Das muss dazugesagt werden. Sehr geehrte Damen und Herren, der Freistaat Thüringen hat Schulden. Thüringen hat bis Ende 2010 rund 16 Mrd. € Kredite aufgenommen. Pro Einwohner sind das mehr als 7.000 €. Dazu kommt die Zinsbelastung in diesem Jahr von circa 670 Mio. €. Das ist mal weniger wegen des niedrigen Zinsniveaus, das kann sich aber auch sehr schnell nach oben bewegen, wenn die Zinsen wieder ansteigen. Berechnungen zu Tilgungen sagen zum Beispiel aus: Würde man ab dem Jahr 2020 jährlich 100 Mio. € Schulden tilgen, dann würde es 180 Jahre dauern, um diesen Schuldenberg auf null abzutragen.

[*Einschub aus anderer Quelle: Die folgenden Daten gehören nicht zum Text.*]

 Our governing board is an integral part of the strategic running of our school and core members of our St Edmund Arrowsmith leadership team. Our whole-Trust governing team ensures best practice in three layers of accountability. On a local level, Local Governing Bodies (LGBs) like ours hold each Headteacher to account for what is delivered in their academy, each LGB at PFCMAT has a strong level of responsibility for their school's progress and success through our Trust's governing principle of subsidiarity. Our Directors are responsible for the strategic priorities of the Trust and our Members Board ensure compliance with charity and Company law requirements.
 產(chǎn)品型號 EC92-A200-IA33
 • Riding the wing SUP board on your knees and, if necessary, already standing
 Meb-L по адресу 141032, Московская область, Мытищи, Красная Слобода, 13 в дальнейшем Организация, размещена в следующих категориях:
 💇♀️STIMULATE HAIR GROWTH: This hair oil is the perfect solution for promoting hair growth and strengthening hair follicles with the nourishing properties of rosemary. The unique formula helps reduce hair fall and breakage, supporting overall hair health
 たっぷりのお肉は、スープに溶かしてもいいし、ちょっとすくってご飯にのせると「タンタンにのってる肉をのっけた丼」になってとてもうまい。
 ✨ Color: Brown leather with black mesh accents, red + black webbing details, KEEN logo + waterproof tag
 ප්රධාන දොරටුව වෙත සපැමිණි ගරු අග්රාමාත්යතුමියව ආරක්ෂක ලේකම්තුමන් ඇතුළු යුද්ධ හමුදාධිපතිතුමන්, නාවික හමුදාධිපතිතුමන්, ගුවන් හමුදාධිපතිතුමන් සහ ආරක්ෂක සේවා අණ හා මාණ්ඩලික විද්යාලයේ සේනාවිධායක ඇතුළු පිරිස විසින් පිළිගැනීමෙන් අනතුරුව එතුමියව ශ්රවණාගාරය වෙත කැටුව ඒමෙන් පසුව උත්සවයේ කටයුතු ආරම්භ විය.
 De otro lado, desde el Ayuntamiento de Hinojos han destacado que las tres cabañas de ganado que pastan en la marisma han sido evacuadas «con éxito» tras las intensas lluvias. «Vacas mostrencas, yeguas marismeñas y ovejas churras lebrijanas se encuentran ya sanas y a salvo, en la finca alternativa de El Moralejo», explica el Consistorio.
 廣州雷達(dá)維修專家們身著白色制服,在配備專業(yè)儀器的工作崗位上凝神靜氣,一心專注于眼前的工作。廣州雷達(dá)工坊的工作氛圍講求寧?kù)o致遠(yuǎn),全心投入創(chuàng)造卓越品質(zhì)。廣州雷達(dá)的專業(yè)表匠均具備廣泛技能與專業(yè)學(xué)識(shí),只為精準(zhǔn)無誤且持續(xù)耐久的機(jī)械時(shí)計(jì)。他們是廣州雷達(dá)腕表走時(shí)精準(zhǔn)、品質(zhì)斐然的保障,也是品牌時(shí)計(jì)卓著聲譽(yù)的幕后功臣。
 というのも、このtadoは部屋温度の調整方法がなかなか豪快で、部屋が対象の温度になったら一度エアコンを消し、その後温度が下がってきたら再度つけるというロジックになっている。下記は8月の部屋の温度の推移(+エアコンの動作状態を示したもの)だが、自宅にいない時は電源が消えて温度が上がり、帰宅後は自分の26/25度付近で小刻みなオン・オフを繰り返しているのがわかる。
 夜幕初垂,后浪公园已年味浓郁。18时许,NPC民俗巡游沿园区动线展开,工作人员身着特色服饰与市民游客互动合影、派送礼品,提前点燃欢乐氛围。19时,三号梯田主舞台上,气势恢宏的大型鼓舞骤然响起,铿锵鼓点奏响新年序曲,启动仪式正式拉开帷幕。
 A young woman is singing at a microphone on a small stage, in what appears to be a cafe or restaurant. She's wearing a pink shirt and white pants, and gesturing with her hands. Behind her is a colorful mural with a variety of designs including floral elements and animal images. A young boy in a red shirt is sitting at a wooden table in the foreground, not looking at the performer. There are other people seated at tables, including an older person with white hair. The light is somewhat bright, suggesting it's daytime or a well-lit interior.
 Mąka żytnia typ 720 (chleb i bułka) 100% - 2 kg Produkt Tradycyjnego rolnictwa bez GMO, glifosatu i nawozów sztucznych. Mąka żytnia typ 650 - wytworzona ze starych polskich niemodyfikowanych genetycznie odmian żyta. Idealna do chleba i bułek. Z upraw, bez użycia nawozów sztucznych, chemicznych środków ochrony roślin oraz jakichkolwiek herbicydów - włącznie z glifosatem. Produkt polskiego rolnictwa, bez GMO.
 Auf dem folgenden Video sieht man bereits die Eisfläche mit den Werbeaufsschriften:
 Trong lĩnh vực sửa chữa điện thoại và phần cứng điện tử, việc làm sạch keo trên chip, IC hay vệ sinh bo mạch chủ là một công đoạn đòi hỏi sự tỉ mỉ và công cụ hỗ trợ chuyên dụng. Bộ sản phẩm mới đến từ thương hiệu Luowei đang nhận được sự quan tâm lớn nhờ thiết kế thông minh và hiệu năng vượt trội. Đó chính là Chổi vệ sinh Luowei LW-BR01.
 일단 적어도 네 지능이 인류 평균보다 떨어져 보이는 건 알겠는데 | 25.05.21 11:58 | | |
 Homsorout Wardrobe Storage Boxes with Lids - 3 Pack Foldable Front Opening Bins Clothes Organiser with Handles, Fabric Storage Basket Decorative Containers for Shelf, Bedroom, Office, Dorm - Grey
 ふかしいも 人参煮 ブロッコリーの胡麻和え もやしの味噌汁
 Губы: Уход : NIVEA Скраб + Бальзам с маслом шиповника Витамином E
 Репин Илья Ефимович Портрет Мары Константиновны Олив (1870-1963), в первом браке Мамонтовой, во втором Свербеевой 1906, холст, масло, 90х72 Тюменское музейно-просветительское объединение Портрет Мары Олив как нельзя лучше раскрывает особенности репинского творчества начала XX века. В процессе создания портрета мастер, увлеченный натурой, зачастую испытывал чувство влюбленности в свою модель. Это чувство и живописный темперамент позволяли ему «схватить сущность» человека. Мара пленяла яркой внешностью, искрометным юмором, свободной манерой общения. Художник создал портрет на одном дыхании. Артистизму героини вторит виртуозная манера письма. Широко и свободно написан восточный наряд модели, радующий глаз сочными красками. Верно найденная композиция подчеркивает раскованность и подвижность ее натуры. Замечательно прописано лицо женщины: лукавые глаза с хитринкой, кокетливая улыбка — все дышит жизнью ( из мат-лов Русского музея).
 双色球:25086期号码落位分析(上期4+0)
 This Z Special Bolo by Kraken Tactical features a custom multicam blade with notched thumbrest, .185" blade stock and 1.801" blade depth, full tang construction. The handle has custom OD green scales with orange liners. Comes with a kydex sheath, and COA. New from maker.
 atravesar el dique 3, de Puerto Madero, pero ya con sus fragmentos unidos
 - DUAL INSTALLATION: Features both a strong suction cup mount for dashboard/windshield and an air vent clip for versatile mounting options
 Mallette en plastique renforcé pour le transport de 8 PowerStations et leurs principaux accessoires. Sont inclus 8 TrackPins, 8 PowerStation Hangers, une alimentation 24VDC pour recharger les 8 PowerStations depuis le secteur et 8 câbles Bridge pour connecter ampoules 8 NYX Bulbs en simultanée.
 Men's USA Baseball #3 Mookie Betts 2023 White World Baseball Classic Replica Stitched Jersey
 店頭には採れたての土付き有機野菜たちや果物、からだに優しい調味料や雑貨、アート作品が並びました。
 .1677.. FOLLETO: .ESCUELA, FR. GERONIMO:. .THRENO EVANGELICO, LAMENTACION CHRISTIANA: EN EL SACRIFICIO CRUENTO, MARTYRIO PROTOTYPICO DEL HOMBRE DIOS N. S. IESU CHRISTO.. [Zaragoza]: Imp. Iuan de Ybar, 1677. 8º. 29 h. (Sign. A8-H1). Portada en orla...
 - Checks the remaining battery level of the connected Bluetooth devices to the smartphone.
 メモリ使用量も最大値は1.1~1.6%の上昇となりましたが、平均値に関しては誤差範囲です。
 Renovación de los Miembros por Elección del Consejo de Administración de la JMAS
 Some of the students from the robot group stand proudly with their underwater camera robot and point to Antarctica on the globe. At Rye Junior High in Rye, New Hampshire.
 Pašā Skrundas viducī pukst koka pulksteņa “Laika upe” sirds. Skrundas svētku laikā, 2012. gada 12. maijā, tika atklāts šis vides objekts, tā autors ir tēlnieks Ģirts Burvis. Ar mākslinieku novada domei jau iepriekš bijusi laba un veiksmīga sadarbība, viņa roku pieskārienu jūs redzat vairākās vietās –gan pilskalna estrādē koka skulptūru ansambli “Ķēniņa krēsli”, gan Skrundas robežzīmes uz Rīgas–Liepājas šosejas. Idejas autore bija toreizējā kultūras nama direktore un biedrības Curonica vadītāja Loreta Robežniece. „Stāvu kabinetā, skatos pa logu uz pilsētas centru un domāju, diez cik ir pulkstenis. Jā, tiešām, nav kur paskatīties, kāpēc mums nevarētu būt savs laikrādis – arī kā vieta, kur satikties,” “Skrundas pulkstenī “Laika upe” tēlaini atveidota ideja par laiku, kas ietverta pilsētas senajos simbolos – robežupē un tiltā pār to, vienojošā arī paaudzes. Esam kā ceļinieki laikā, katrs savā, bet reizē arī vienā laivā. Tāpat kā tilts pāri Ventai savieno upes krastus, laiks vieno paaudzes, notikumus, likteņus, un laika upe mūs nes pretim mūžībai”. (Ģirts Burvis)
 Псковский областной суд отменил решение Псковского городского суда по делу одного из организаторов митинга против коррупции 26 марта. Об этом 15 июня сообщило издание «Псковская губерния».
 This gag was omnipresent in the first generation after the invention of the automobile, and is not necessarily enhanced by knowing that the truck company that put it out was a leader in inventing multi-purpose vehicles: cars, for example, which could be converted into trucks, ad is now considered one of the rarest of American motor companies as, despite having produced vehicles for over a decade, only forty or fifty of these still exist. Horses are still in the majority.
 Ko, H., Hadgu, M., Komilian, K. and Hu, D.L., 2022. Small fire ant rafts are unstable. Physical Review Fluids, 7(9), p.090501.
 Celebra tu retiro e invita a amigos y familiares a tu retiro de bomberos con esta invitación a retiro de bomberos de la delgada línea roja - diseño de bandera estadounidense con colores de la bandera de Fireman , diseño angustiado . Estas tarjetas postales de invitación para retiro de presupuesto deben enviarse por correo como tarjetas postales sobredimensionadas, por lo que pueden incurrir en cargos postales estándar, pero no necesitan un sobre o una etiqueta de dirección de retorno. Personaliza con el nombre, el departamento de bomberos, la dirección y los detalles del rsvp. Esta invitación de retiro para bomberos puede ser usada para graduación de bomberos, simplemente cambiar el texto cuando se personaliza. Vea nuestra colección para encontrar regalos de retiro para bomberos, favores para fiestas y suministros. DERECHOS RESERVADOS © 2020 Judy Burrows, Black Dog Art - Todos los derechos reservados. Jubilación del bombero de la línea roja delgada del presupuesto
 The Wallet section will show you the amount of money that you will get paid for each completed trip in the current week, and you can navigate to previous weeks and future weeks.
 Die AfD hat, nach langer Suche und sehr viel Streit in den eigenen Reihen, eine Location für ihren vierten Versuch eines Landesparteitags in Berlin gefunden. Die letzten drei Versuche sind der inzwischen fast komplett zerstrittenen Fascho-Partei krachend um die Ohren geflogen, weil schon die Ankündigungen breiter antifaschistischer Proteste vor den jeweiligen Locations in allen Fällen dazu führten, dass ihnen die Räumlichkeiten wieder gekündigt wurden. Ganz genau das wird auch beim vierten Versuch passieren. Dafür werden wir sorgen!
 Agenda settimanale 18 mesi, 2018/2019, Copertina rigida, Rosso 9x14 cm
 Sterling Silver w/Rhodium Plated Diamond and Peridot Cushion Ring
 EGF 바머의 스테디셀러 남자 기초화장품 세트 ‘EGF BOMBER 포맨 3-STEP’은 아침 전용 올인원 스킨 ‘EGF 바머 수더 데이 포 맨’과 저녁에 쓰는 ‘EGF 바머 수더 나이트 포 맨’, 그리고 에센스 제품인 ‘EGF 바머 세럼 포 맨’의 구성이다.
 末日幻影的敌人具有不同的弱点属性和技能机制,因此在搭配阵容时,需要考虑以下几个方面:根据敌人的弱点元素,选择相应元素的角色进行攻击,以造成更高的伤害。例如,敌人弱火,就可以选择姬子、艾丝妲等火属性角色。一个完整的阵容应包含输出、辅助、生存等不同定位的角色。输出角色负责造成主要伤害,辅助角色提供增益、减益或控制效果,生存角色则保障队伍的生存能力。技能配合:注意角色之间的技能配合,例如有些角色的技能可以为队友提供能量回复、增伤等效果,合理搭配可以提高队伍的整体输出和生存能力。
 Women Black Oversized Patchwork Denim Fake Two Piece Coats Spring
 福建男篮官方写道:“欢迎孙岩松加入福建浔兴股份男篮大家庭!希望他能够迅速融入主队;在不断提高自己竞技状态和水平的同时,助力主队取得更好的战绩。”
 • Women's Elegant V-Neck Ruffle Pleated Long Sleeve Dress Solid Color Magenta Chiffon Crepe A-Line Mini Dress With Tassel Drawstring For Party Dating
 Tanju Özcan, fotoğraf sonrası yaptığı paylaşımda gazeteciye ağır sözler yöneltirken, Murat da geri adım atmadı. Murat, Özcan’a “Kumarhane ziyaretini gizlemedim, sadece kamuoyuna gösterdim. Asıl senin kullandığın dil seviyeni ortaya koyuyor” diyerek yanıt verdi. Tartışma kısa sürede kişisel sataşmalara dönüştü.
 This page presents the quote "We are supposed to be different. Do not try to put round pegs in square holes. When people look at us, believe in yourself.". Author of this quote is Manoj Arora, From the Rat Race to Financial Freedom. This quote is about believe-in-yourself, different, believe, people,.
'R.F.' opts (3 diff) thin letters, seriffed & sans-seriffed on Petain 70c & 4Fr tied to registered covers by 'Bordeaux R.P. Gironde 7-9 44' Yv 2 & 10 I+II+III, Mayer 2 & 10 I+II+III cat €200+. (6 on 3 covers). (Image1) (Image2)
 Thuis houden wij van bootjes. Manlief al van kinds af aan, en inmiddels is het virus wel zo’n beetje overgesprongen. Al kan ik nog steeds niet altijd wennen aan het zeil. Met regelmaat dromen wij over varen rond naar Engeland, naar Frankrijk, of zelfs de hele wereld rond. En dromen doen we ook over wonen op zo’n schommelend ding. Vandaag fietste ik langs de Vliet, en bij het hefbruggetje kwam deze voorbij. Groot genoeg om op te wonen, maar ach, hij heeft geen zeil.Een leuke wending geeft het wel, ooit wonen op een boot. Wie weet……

Meine sehr geehrten Damen und Herren, vieles wurde aber mit diesem Geld in den letzten 20 Jahren auch aufgebaut bzw. in Ordnung gebracht. Ich denke, das muss an dieser Stelle, wenn wir über die Schulden des Freistaates reden, auch immer wieder gesagt werden. Wir haben immer wieder versucht, bestehende Betriebe, die notleidend geworden sind, zu unterstützen. Die größte Betriebsdichte Deutschlands, das in der Finanz- und Wirtschaftskrise robuste Wirtschaftsgefüge und die geringste Arbeitslosigkeit im Osten sind die Folge der Politik der letzten 20 Jahre, die uns über Bürgschaftsausfälle und Wirtschaftsförderung auch viel Geld gekostet haben. Wir haben keine Lehrer entlassen. Wir haben die Kulturförderung mit hohen Subventionen für letztlich jede Eintrittskarte nicht
gekürzt. Wir haben die Kommunen mehr unterstützt als andere Länder. Letzteres sieht man auch und das will natürlich auch immer keiner gern zugeben, sondern es wird stets mehr gefordert vom Land. Aber dies sind die Tatsachen.